(Collection entries)
Content starts

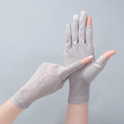 Sunscreen Gloves Summer Women's Breathable Non-slip Open-finger Cycling Driving Ice Silk Anti-ultraviolet Two-finger Tea Shade
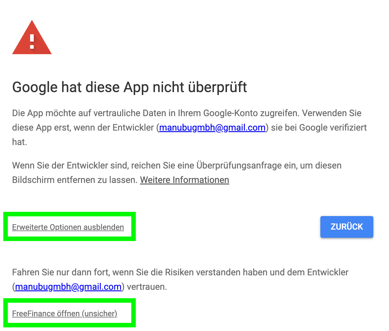 - Erlauben Sie FreeFinance den Zugriff auf Ihr Storage
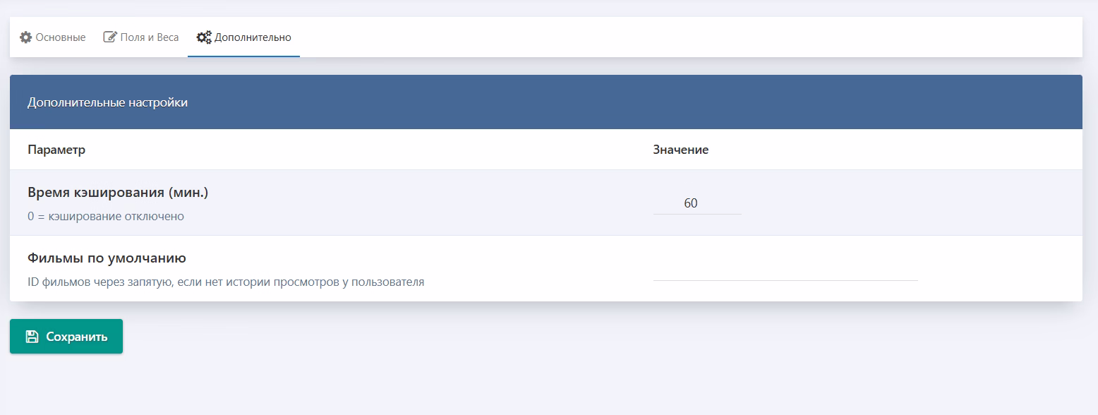 Исключение Категорий: Укажите ID категорий, фильмы из которых никогда не будут отображаться в рекомендациях, независимо от алгоритма.
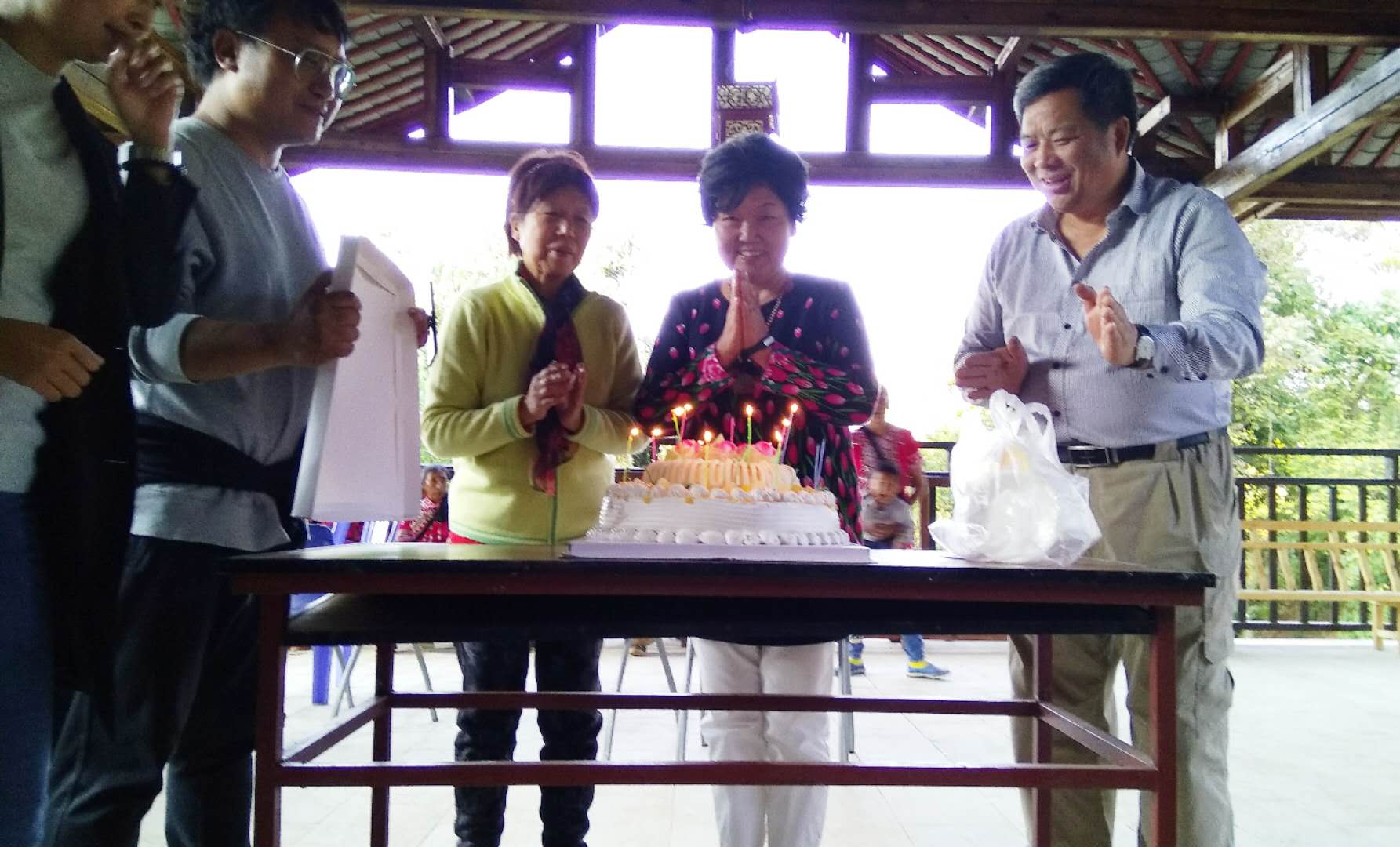 ▲今天是一個特殊的日子,我們的胡曉敏老師度過了一個不平凡的68歲生日,謝謝李劍峰館長從三十多公里的鎮上幫我們帶過來的生日蛋糕。
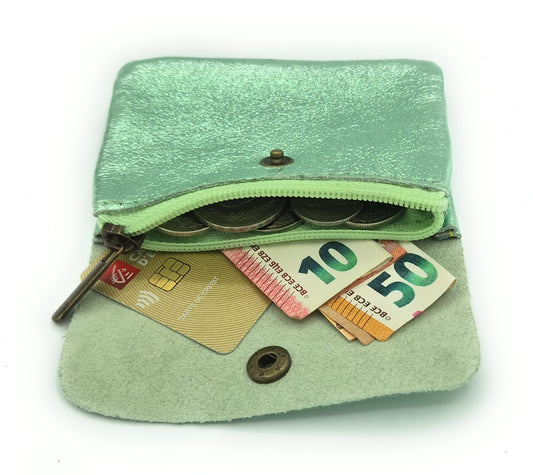 Porte-monnaie Aponi cuir irisé italien ~ Vert amande
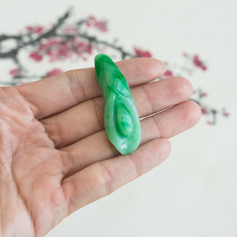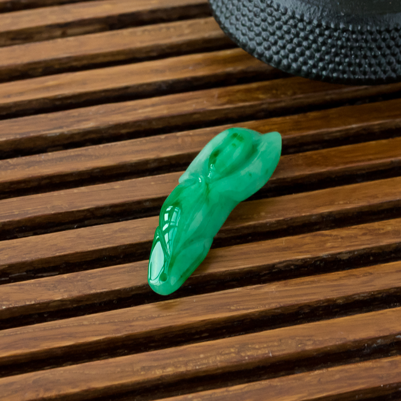 • 糯冰种飘翠翡翠百年好合吊坠
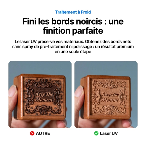 Optez pour la xTool F2 Ultra UV, un graveur laser UV 5 W conçu pour les applications de marquage nécessitant une très haute précision. Sa technologie UV à traitement à froid permet de réaliser des gravures nettes et propres, sans altérer les surfaces sensibles.
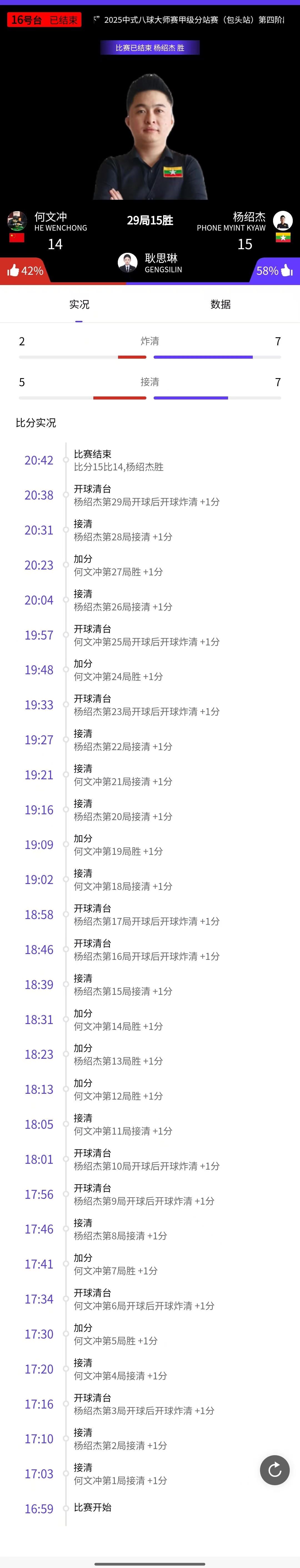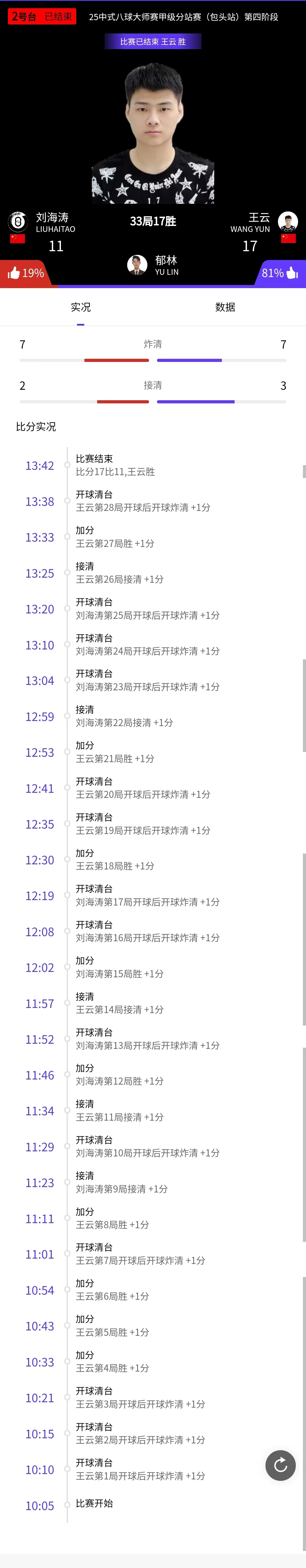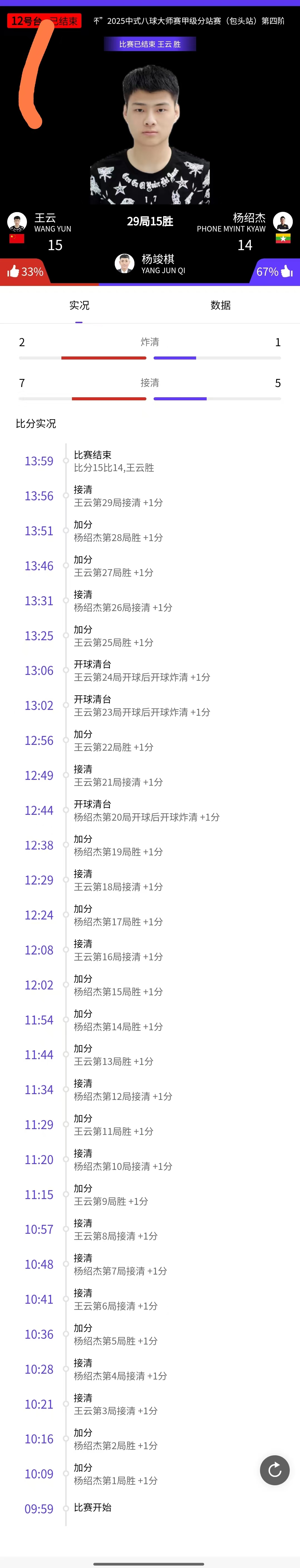 王云 15-14 杨绍杰 详情
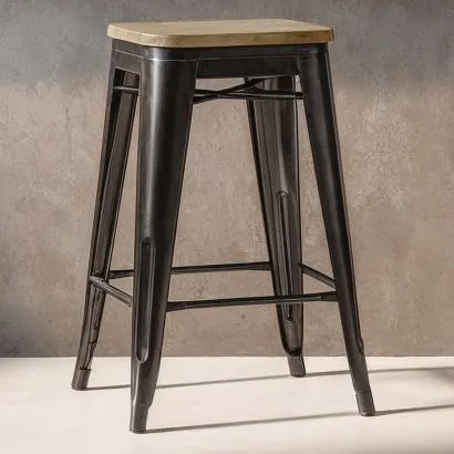 Banqueta Desenho Industrial - Madeira e Aço - 46cm - Stylix
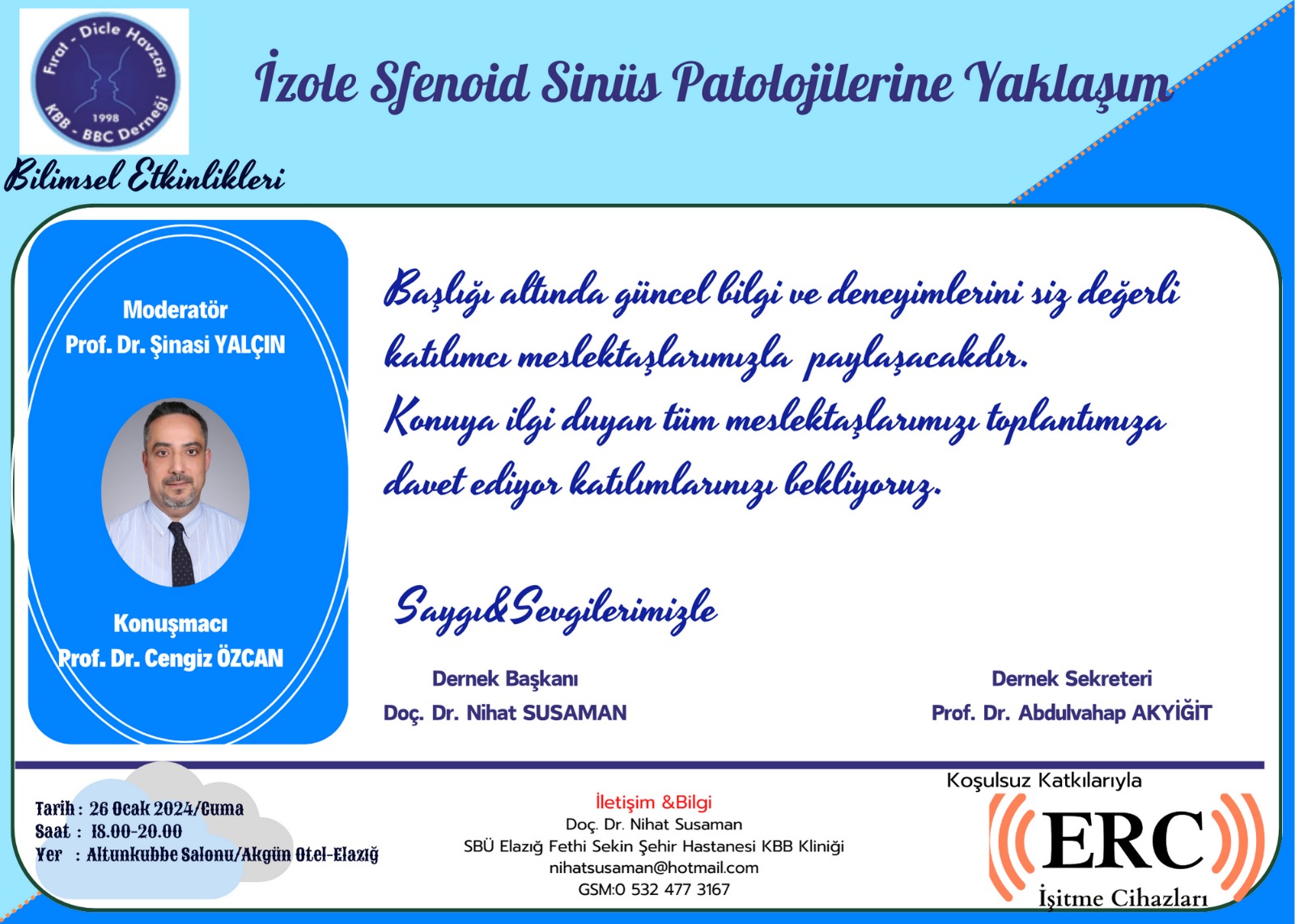Fırat Dicle Havzası KBB BBC Derneği "İzole Sfenoid Sinüs Patolojilerine Yaklaşım" : 26 Ocak 2024

Content ends

Only the lines from the one with "Banqueta Desenho Industrial" through the final line of the data should be written out, exactly and including both ends. Skip the pictures.

▶ Final answer
 Banqueta Desenho Industrial - Madeira e Aço - 46cm - Stylix
Fırat Dicle Havzası KBB BBC Derneği "İzole Sfenoid Sinüs Patolojilerine Yaklaşım" : 26 Ocak 2024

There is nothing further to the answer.